Health Care REITs: Large Portfolio Deals Still Out There

Senior living operators looking to take advantage of low interest rates and ample capital in the sector by selling certain properties or portfolios are creating opportunities for larger investors, particularly publicly-traded real estate investment trusts (REITs), which say those large portfolio deals are still out there, as scarce as they have become.

During a few second quarter earnings calls held this week, several REITs indicated their appetites for investment target both national and regional senior housing operators.

One of those REITs is National Health Investors (NYSE:NHI), a Murfreesboro, Tenn.-based company, which said during an earnings call Monday that it is busy reviewing new potential investments that may include smaller, regional operators or larger, national providers.


“The market remains very active with many sources of capital available to operators,” said Justin Hutchens, CEO of NHI, during the call. “We are finding success and have always found the best results from focusing on operators with long-term business plans, who are seeking a capital partner to help facilitate their growth.”

While more opportunities have arisen to acquire exiting operators—those looking to sell amid the favorable market environment marked by historically low cap rates, as well as the increasing amount of capital entering the sector—NHI is more focused on long-term relationships.

“We are not looking to exit anybody,” Hutchens said. “We are looking to be a growth partner, and that may be with regional companies and it may be with national companies. We have opportunities in both categories under review.”


From a quality standpoint, NHI’s pipeline under review is bigger now than it was earlier in the year, Hutchens said, and the REIT is currently reviewing deals that included both large and small portfolios, as well as one-off assets.

For the second quarter ended June 30, 2014, NHI reported normalized funds from operations of $34.6 million, or $1.05 per diluted common share, an 18% increase compared to the same period a year ago. Additionally, the company reported a 7% year-over-year increase in net income attributable to common stockholders of $25.3 million, or $0.76 per diluted share, during the quarter.

Looking ahead, the Tennessee-based REIT’s growth plan remains focused on investing primarily in assisted living and independent living communities, as well as possible pursuing more opportunities with its existing partners, which include Holiday Retirement, Bickford Senior Living and National Healthcare Corporation. NHI derives at least 10% of its income from operations from the latter two of its partners.

While some, like NHI indicate the investment potential for portfolios both big and small, others noted the opportunities for some of the larger scale deals are slim.

“Usually we don’t see huge ones, but we do see most of the [deals] out there—both from a senior living and medical office side,” said David Hegarty, president and CEO of Senior Housing Properties Trust (NYSE:SNH), during an earnings call also held Monday.
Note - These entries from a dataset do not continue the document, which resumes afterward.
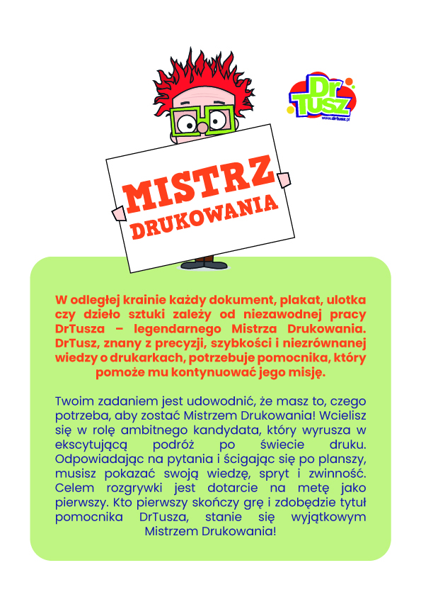 Mistrz Drukowania – gra planszowa do samodzielnego wydruku! Szukasz pomysłu na świetną zabawę? „Mistrz Drukowania” to pełna emocji gra planszowa, którą wydrukujesz w domu! W zestawie znajdziesz: planszę, karty z pytaniami, żetony, pionki, kostkę i prostą instrukcję – wszystko gotowe do druku. ✅ Dla dzieci i dorosłych ✅ Idealna na wieczór z rodziną lub przyjaciółmi ✅ Rozwija wiedzę, refleks i gwarantuje mnóstwo śmiechu! ?️ Wydrukuj. Zagraj. Zostań Mistrzem Drukowania!
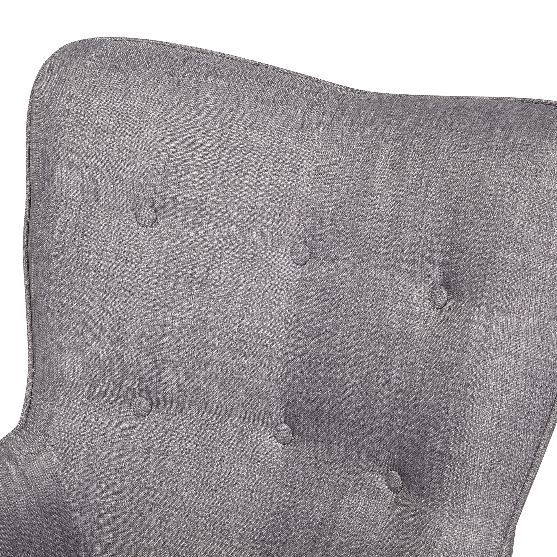 Mit diesem Set kreieren Sie einen Bereich für wohlige Stunden der nahezu königlichen Entspannung in Ihrem Wohn- oder Schlafzimmer. Die hochwertigen, angenehm weichen Stoffbezüge und die stabilen Holzbeine garanieren die Langlebigkeit und die besondere Ausstrahlung beider Möbel. Benutzen Sie den Hocker als Fussstütze und entfalten Sie noch einen höheren Sitzkomfort während Sie auf dem Sessel einen gemütlichen Fernsehabend geniessen oder sich Ihrem Buch widmen. Überzeugen Sie sich selbst von diesem gemütlichen Set.  Material: Polyester. Zusätzliches Material: Gummibaumholz.  Material Zusammensetzung: 100% Polyester Gewicht: 22 Montage: Beine / Füsse nicht montiert Holzart: Hevea brasiliensis Holzursprung: China Gewichtskapazität: 130 Gesamtabmessungen: 81x78x100 Polsterstärke: 18 Osmanische Dimensionen: 64x43x43 Sitzhöhe: 48 Das Angebot beinhaltet: 1 x Hocker, 1 x Sessel Sitzfläche: 65x51 Höhe: 100 zusätzliche Information: Um sicherzustellen, dass die Konstruktion stabil und die Nutzungssicherheit gewährleistet ist, sollte man 2 Wochen nach dem Zusammenbau überprüfen, ob die Ware auch korrekt montiert wurde. Ausserdem ist alle 3 Monate zu prüfen, ob die Schrauben richtig festgezogen sind. Breite: 81 Tiefe: 78 Art: Ohrensessel Stil: Retro Allgemeine Farbe: Grau Schatten: Hellgrau Muster: Ohne Muster Hauptmaterial: Polyester Füllmaterial: Schaumstoff Arm Stil: Abgesenkt
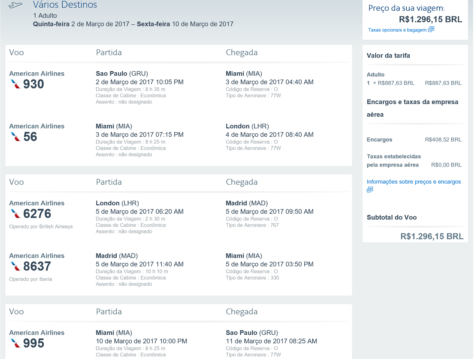 Estão acabando, as tarifas de classe O estão custando 1.293 Reais já com taxas inclusas a partir de São Paulo via Londres para Miami. Conseguimos achar um exemplo de ida no dia 2 de Março de 2017 e retorno de Londres dia 5 de Março de 2017, e então retorno de Miami dia 10 de Março de 2017, e tudo isso com taxas inclusas por 1.293 Reais, caso você queira voltar antes o valor sobre para 1.624 Reais o que ainda é um valor excelente. Nesse caso você chega em Londres dia 4 de Março, e pernoite lá, saindo então no dia seguinte, dia 5 de Março de 2017 chegando em Miami no mesmo dia. A medida que as pessoas vão comprando as passagens a tarifa de classe “O” se transforma em “Q” e a passagem fica mais cara algo em torno de 400 Reais, o que ainda é atrativo. Obviamente nesse caso não recomendo o crédito de milhas no AAdvantage, mas sim no Latam Fidelidade, que já vai te dar a categoria GOLD com essa viagem, e metade da qualificação para atingir o nível Platinum. As datas estão aí, e a captura de tela abaixo. Sugiro que comprem logo, pois não vai durar muito, e os assentos são limitados. Boa Sorte e Boa Viagem.
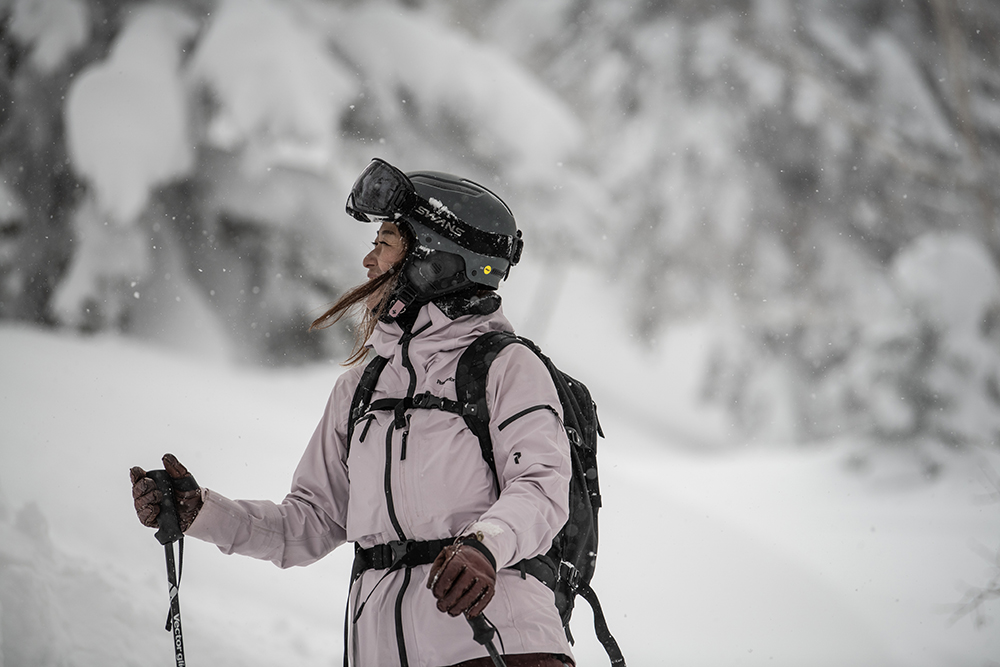 Gore-tex Strechを首元裏に採用することで、フード着用時の首回りの動きのストレスもない。肘周りに立体裁断を施し、激しい動きにも追従。滑走の追求に妥協のない機能性を提供するべくデザインされている。もちろん、ライドだけでなくハイクアップへの切り替えもシームレスだ。
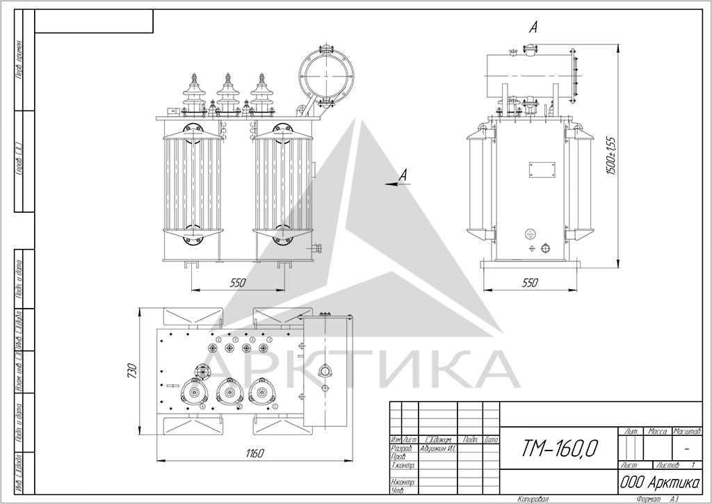Силовой масляный трансформатор ТМ-160 мощностью 160 кВА с маслорасширительным баком предназначен для понижения напряжения с 35кВ; 20кВ; 10кВ; 6кВ; до 0,4 кВ. Производство следующих моделей: ТМ - 160/6-0,4; ТМ-160/10-0,4; ТМ-160/20-0,4; ТМ- 160/35-0,4.
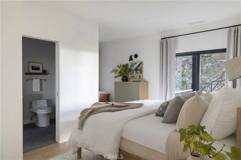 Escape the noise of the city and retreat to a privately gated 5.43 acre property in the Cedar Ridge Estates community. This home offers rare privacy, usable land, and incredible lake and ridge line views, yet it’s just minutes from the lake and only 90 minutes from Los Angeles. A full renovation reimagined the home with natural materials and a modern mountain feel. The main level was redesigned for open concept living, featuring a beautiful new kitchen with top of the line appliances and a large island that anchors the space. The kitchen flows into the dining and living areas, both opening to newly built decks that overlook the views. Warm wood tones and expansive windows make the home feel bright and connected to the outdoors on every level. One of the standout features of the property is the dedicated wellness floor. A large cedar sauna, cold plunge, steam shower, and cedar hot tub create a true at home spa experience. Multiple fire features, private hiking trails, and wide view decks make it easy to enjoy the outdoors in every season. The home offers five bedrooms, four of which are en-suites, along with five updated bathrooms and thoughtful upgrades throughout, including a full Control4 system, a heated driveway, and the Frontline Sprinkler Foam Retardant System. Lake Rights are included, providing full access to everything Lake Arrowhead has to offer. If you’re looking for privacy, views, a spa-like retreat, and a home designed for easy mountain living with a strong wellness focus, this one truly stands out.
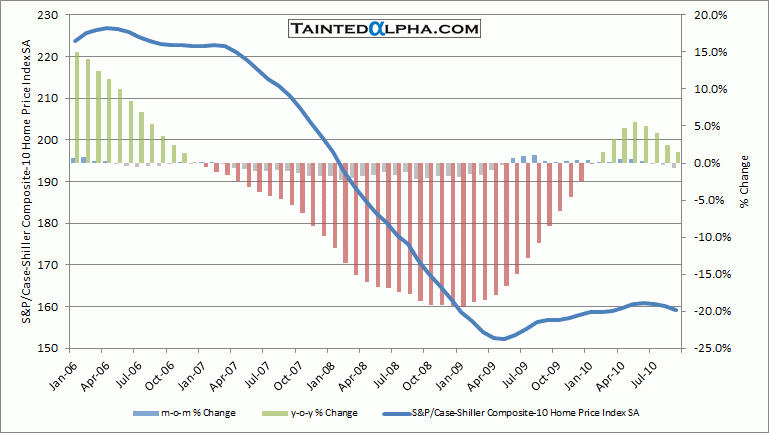 Seasonly adjusted S&P/Case-Shiller HPI 10 city composite fell 0.7% In September; On year level 10 city index is up 1.5%.
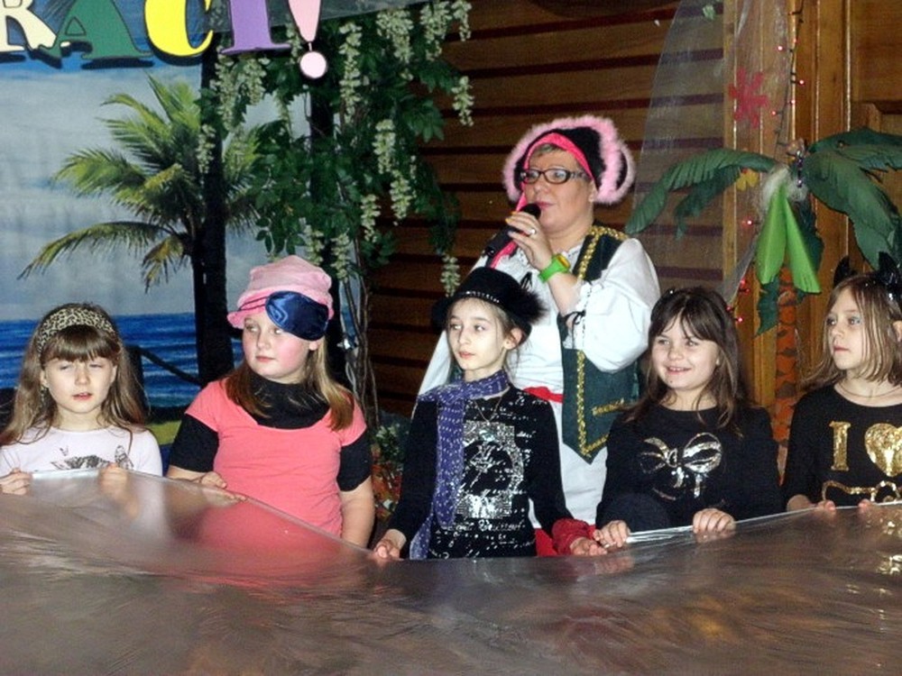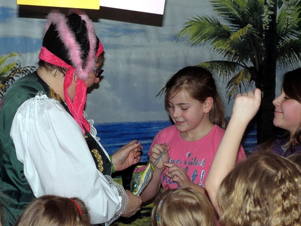Wiele zabaw, konkursów, śmiechu... przydało się małym i dużym zbójnikom i zbójniczkom. Nie zabrakło też pirackich czarów. Kto tylko chciał, mógł zostać zaklęty w mydlanej bańce.

The Newton, Mass.-based REIT, which is a large investor both in senior housing and MOB assets stated in its second quarter earnings disclosure that it remains active in selectively pursuing acquisitions, as well as dispositions, to further strengthen its senior housing and medical office building portfolios.

For the three months ended June 30, 2014, Senior Housing Properties Trust reported normalized funds from operations of $86.6 million, or $0.43 per share. In the same quarter last year, the REIT reported normalized FFO of $79.1 million, or $0.42 per share.

During the quarter, 43.5% of Senior Housing Properties Trust’s net operating income came from 218 triple-net leased seniors living communities tallying 24,383 units and an occupancy of 85.2%, a slight decrease from the same period a year ago when occupancy was 85.6%.

Additionally, 14.5% of the REIT’s NOI derived from 44 managed senior living communities with 7,051 units. Occupancy among these assets rose during the quarter to 88.5%, compared to 87.4% for the compatible period last year.

One of the most notable highlights for the company during the second quarter included its blockbuster $1.1 billion acquisition of two Boston medical office buildings occupied by global pharmaceuticals company, Vertex Pharmaceuticals, Incorporated (NASDAQ: VRTX).

Though the company has not written off anything just yet in terms of its future investment appetite, opportunities to pursue smaller, one-off deals seems more likely.

“We consider if it’s a fit or how much we think we could reasonably do, but I would say the ones that I currently envisioned are more the one-offs,” Hegarty said. “But again, we will look at the bigger ones and evaluate them anyways.”